Print all of the data exactly, but drop the pictures.
━━━━━ THE DATA
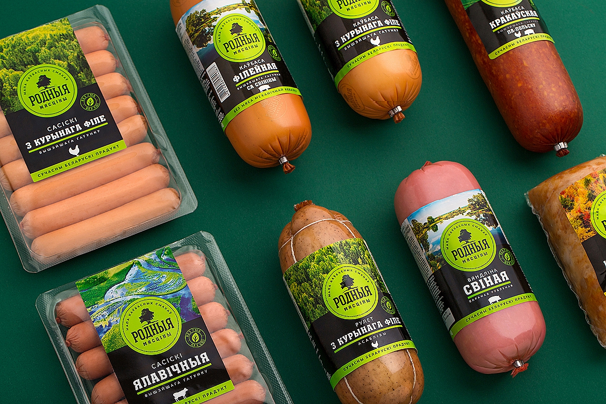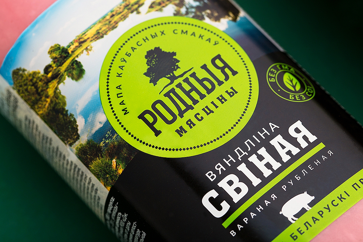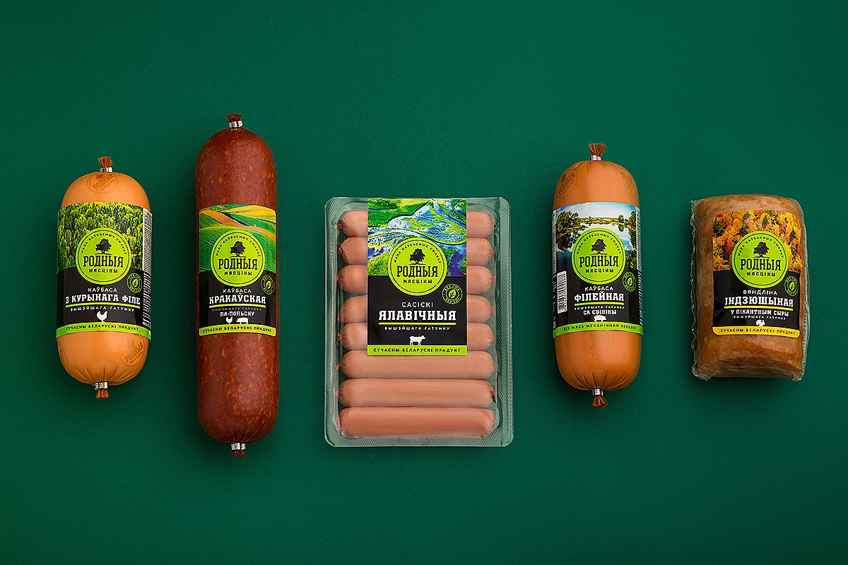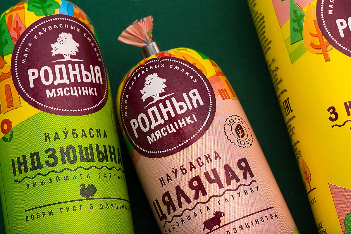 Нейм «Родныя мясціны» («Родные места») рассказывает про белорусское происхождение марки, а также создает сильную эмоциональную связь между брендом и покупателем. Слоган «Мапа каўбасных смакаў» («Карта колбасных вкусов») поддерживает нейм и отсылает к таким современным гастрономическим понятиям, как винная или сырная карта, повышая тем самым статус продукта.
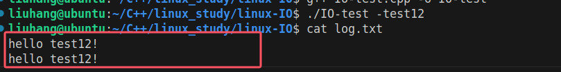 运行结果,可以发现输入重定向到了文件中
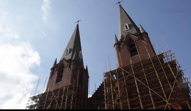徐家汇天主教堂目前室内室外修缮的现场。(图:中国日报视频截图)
━━━━━━━━━━
TASK ANSWER.
 Нейм «Родныя мясціны» («Родные места») рассказывает про белорусское происхождение марки, а также создает сильную эмоциональную связь между брендом и покупателем. Слоган «Мапа каўбасных смакаў» («Карта колбасных вкусов») поддерживает нейм и отсылает к таким современным гастрономическим понятиям, как винная или сырная карта, повышая тем самым статус продукта.
 运行结果,可以发现输入重定向到了文件中
徐家汇天主教堂目前室内室外修缮的现场。(图:中国日报视频截图)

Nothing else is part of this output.